In the 2016-17 policy year, wills and estates claims accounted for 11.7 per cent of the total cost of claims and 8.4 per cent of the total number. In the previous 10-year period, these figures were 6.8 per cent and 3.2 per cent respectively. This spike is largely due to mistakes in the preparation of wills.

Examples of such mistakes include:

• failing to check instructions or making assumptions about ownership of land
• incorrect clauses or details left in the new will when a previous document is copied over
• failing to make amendments pursuant to instructions
• naming a beneficiary or describing an asset incorrectly
• internal inconsistencies such as leaving a life interest in a property and residue of the estate to the same person
• missing clauses or having the wrong draft of a will executed due to poor version control
• missing pages
• formatting error wording included in the executed will.

Many of these mistakes could have been avoided if the practitioner had recognised they were rushing and stopped to think more carefully.
Resist the temptation to copy across previous documents and think you can amend them to suit.

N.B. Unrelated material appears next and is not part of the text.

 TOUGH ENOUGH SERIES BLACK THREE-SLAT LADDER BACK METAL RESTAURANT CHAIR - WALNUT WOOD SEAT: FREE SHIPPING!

Use proper precedents and a checklist.

Be disciplined in setting aside sufficient time for proofreading and do it when you can look at the document with fresh eyes. Printing the document and reading it aloud helps many practitioners.

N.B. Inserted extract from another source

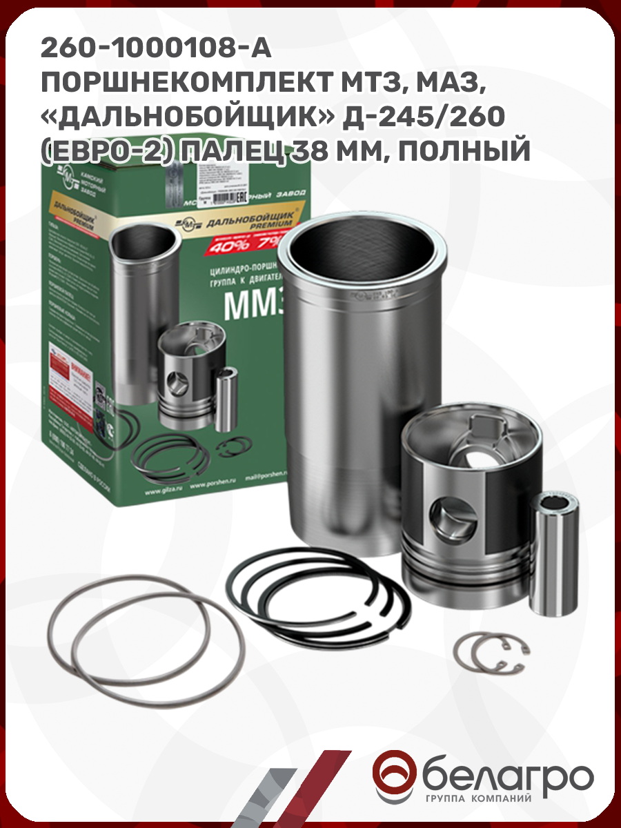 -260-1000108-А Поршнекомплект Мтз, Маз, "Дальнобойщик" Д-245/260 (Евро-2) палец 38 мм, полный комплектЗапчасти к тракторам Беларус (МТЗ)ВкладышиГидроходоуменьшители и запчасти к нимЗапчасти к автомобилямГильзы цилиндровЗапчасти к спецтехнике АМКОДОРДвигателиЗапчасти к коммунальной спецтехникеДвигатели, запчасти к нимРасходники и техжидкостиХодовая часть и колёсаСистемы и агрегатыКоленвалыПоршневые кольцаПоршневые пальцыПоршнекомплектыПоршниПусковые двигатели и запчасти к нимТурбокомпрессорыЗапчасти к тракторам ХТЗ (Т-150)

When proofreading, think about the meaning of the clauses as well as checking the language. Road test the will to ensure it works the way it was intended. Where possible, have a colleague check the will, especially if clauses are unusual or complex or you have very little
time between drafting and proofing.

Practitioners should ensure residuary clauses are given proper attention. LPLC has received claims when residuary clauses have been left out, such as where the will maker left numerous bequests and nobody at the firm remembered the “catch all” clause at the end in case anything had been forgotten. Always include a residuary clause. Address the position of the will maker surviving and predeceasing their partner, with residuary clauses for both scenarios.

Even more claims are attributable to mangled residuary clauses. These mistakes are diverse in nature but inelegant drafting of the clause is often the problem.

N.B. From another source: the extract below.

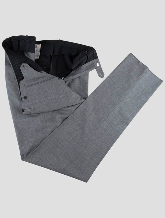 Kiton Gray Wool Dress Pants - Italian Handmade Flat Front Trousers

For example, one clause read “to pay or transfer six parts to such of them that survive me equally namely A, B, C, D and E” (five nominated beneficiaries). This resulted in confusion about whether six parts were to be shared between the five beneficiaries, or five
beneficiaries were to receive six parts each.

Another mistake is failing to describe residuary beneficiaries adequately. In one claim, the will maker wished to leave the residuary of her estate to her siblings and their children in equal shares, except for one nephew who had predeceased her. She wanted to leave his share to his children. The clause was drawn as follows:

“to hold the balance then remaining . . . upon trust for such of my siblings and children and grandchildren of my siblings and descendants as shall survive me”.

The clause was ultimately considered to be too vague and wide. It was unclear whether “descendants” went beyond children of siblings and grandchildren of siblings, and there was no restriction limiting it to people alive at the time of the will maker’s death.

A junior lawyer had adapted the office precedent that used the words “and descendants” in the residuary clause but had not given them proper consideration.

There was no suggestion the will maker intended the class of beneficiaries to be that wide.

Develop and use proper precedents and checklists.
Make proofreading a priority.
Check the description of assets and beneficiaries.
Consider the substantive meaning of clauses even when using a precedent.
Road test your drafting to ensure clauses will do what is intended.
Include an appropriate residuary clause in every will.